Due to a groundswell of listener requests, Chuck and Leighton of Irreligiosophy this week tackled Hinduism. At least Leighton and Chuck attempted to tackle Hinduism, but in the end they were quick to admit they had not even scratched the surface of a quite ancient and downright confusing religion or group of religions. I don't know. It was so confusing hearing our fearless hosts guess what they were reading about, and Leighton likely mispronouncing every Hindu word that, while entertaining as a whole, it was not very enlightening. At the end of the episode they put out a call for any listeners who are Hindu to come on the show to make sense of it all.
Skeptoid tackled living dinosaurs, and no I do not mean sharks or alligators but real honest to goodness big Jurassic Park dinos. Brian Dunning focused on a recent wave of living dino evidence championed by creationists on ancient art that purports to show graphic representation of dinos living with and among ancient peoples.
Apparently our creationist friends seem to think that evidence of at least recently living dinosaurs will bolster their belief that the Earth is only six weeks (er-r-r I mean six thousand) years old, and that the dino fossils are therefore not evidence of a planet billions of years old. To be honest, I have heard of such things but I thought most (or at least some) creationists described dino fossils as the work of the devil to throw the faithful off the biblical trail. Either way, it is all just plain to silly to go very deep into at this time.

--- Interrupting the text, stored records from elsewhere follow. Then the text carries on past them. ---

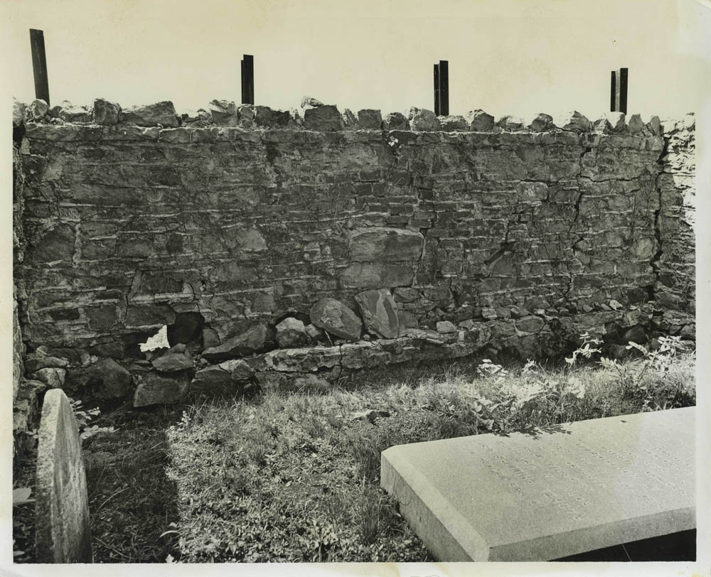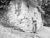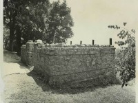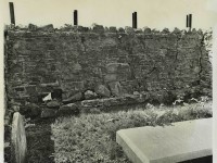 At the 1809 Stone House, Pi-Sunyer focused on an architectural analysis of the exterior stone walls. He measured the building to be approximately 21-by-18 feet (Pi-Sunyer 1957: 17) with a central entrance facing Mulberry Row (Pi-Sunyer 1957: 18). He noted that these measurements were not exact, due to the extensive vegetation that could not be removed from the walls (Pi-Sunyer 1957: 18). During the excavations on the exterior of the east and west walls he discovered that the mortar used on the above-ground stonework was different than that below surface-level. The mortar between stonework visible above the surface was applied much more heavily, and Pi-Sunyer suggested this was evidence that the standing walls were re-erected at some point following the building’s original construction (Pi-Sunyer 1957: 18-19) and that the walls may have been taken down around the time of the 1839 burial of Rachel Levy.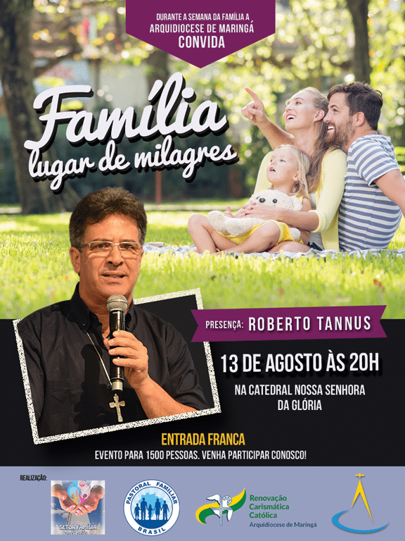 “Família, lugar de milagres” será o tema da palestra que será proferida pelo pregador Roberto Tannus, da Arquidiocese de Goiânia-GO, dia 13 de agosto às 20h na catedral basílica menor Nossa Senhora da Glória em Maringá. O evento faz parte da programação da Semana Nacional e Municipal da Família que ...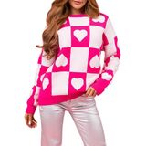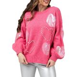 Features: Long sleeve, love heart print, crew neck, loose fit. Women valentine's day pullover sweater, women cute heart print knitted top shirt, women y2k heart sweater top, women Valentines Day knitted top, crew neck cute heart knitted sweater for women.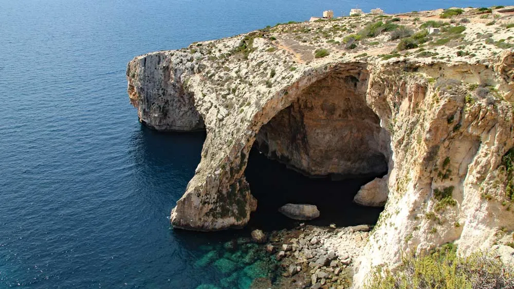 Our first stop is a scenic outlook with a vantage of the Blue Grotto, a rock formation on the island's southeast coast that forms vast caverns over teal water that seems luminescent in the daytime sun. But we aren't simply going to observe from afar: Isabelle has a surprise for us in the form of vouchers for the boat service that brings visitors right into the caverns. The boat driver expertly navigates the tiny bark through mildly choppy seas and noses gracefully into one cavern after the next as we make our way toward the huge rock formation we saw from above. The water is limpid and blue – and, we note, filled with large brown jellyfish. (These, we are assured, are harmless, and when two of our group go swimming later on, they report no problems with the creatures.)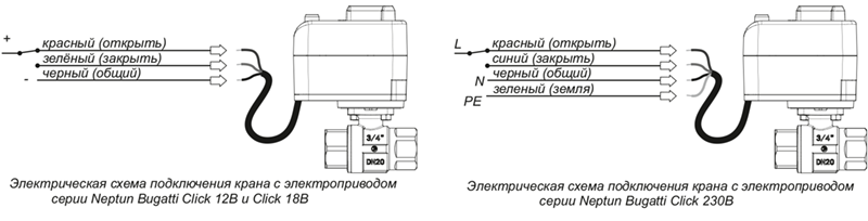 Шаровой кран с электроприводом Neptun Bugatti Click 12В 1/2"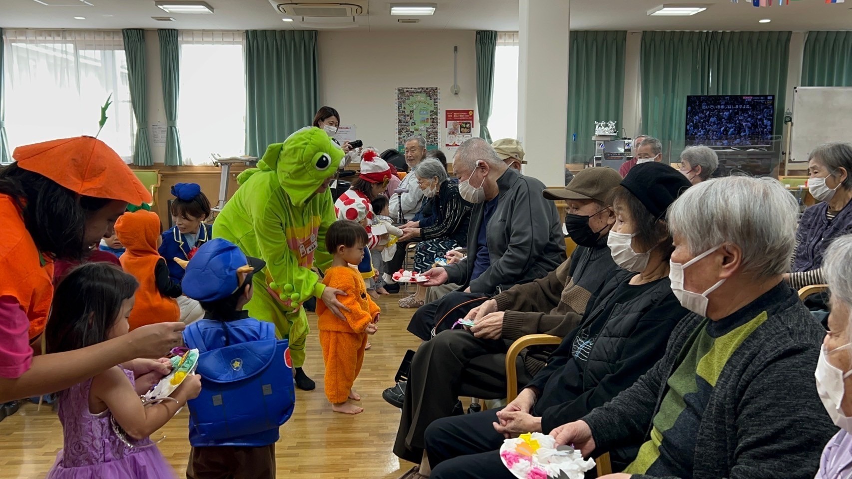 手作りのハロウィンリースをプレゼントでは、積極的におじいさんおばあさんのそばに行って手渡す姿も見られ、笑顔のふれあいがとっても素敵でしたよ🥹💕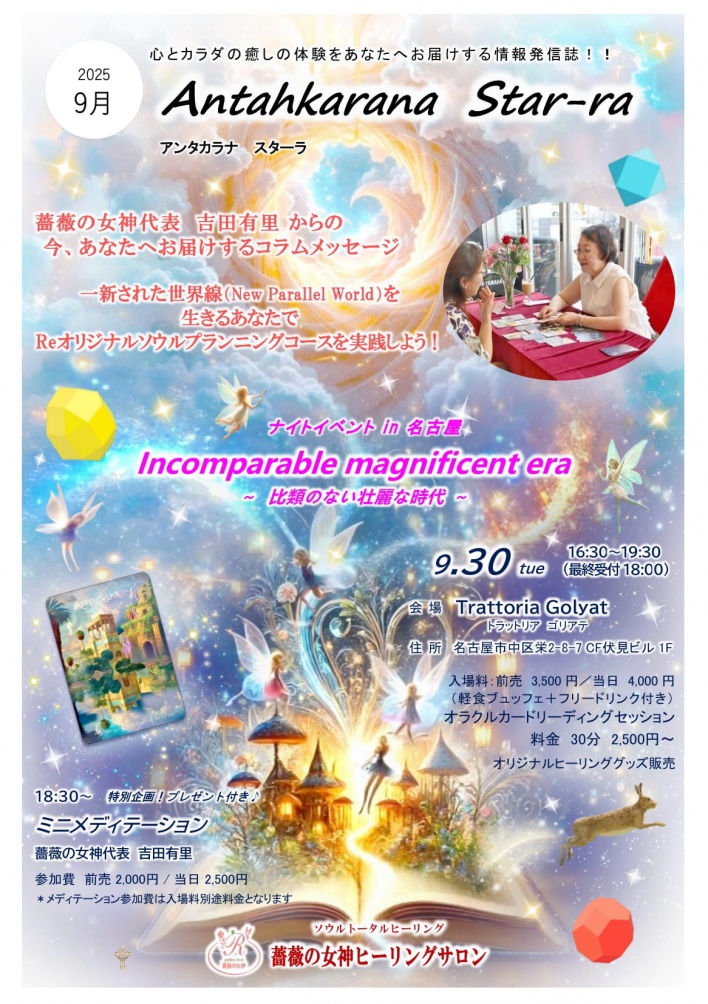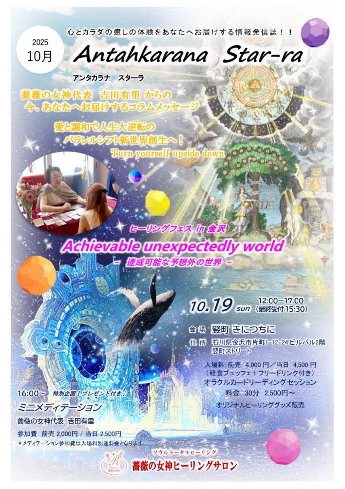 開催予定イベントのお知らせ/ヒーリングサロンワークスケジュール/オラクルカードリーディングincafeセッション出張のご案内/ヒーリングスペースのご案内 etc…最新掲載中!!

Dunning focuses on some early human cave art that instead of being a dino and a elephant butting heads or some such nonsense, is more likely pareidolia than a rock carving. Dunning goes into some lengths to describe a carving of an alleged stegosaurus that is likely a hippo or other mundane creature with the back ridge plates as scenic leaves. He has photos on his website, and while the resemblance at first glace is striking, I think the likelihood of it being an actual known dino in Cambodia is unlikely. (Heck, Pol Pot would never have allowed such a thing to survive anyhow. They were too capitalist.)
As always, Dunning does a thorough job reviewing the artistic evidence, and briefly describing how there are lots of eyewitness and hearsay testimony, but nothing concrete. Who knows, maybe Bigfoot has recently done in all the T-Rexes.
Finally, on Monster Talk, the topic of the day was the Mothman or Moth-man or Moth man. I am not really sure. Karen was off on assignment so it was up to Ben and Blake to interview skeptical investigator superstar Joe Nickell. I have heard of the Moth-man before, more than once described on Mysterious Universe. There, he is a large critter man-sized or large swooping down upon victims and scaring the crap out of the folks around Point Pleasant, West Virginia in the mid-1960s. About a year or so into the sightings, a local bridge collapsed taking with it over 40 people to their death. Naturally, the Moth-man either was trying to warn of the collapse (many monsters have natural knowledge in engineering) or caused it. Why be so negative about the Moth-man? I like to think of the Moth-man portending the birth of my wife and later my dog in West Virginia, and perhaps the inventor of the completely void of health pepperoni roll.
Anyway, Nickell shared how he initially thought the Moth-man was a barn owl, but later on admitted he was likely wrong and it was more likely a Barred (?) Owl. Nickell describes how, much like aliens and other ghouls, the moth-man has changed from an arms-large winged creature that looks a lot like a large Barred Owl to the current pseudo-alien/reptile with muscular arms. "War stories" were shared by Nickell of his run-ins with popular pseudo-scientific and cryptozoologist tevevision shows, and their coaxing him to try to not solve a mystery. A show about the unknown or unexplainable can't keep the title and have a guest talking head and investigator solve the unexplained.
The most interesting part of the episode for me was Nickell describing the arc of a monster mystery. There is an initial rash of sightings, and then things calm down. A few years later, as the witnesses age the story is brought back to life by a book or article with people giving more fantastic and otherwise unknown testimony as to what occurred decades earlier. Finally, enterprising people start a faire or celebration where t-shirts are sold with an evolved version of the creature printed upon it. There is cake, pie, and perhaps some decent barbeque and Joe gets a key to the town from a pleasant mayor.
I enjoyed the episode a great deal, although Nickell did seem a bit tired. Perhaps it was late at night. If I had to pick any one of the three described shows to hear on a dog walk, I would go with Monster Talk this week.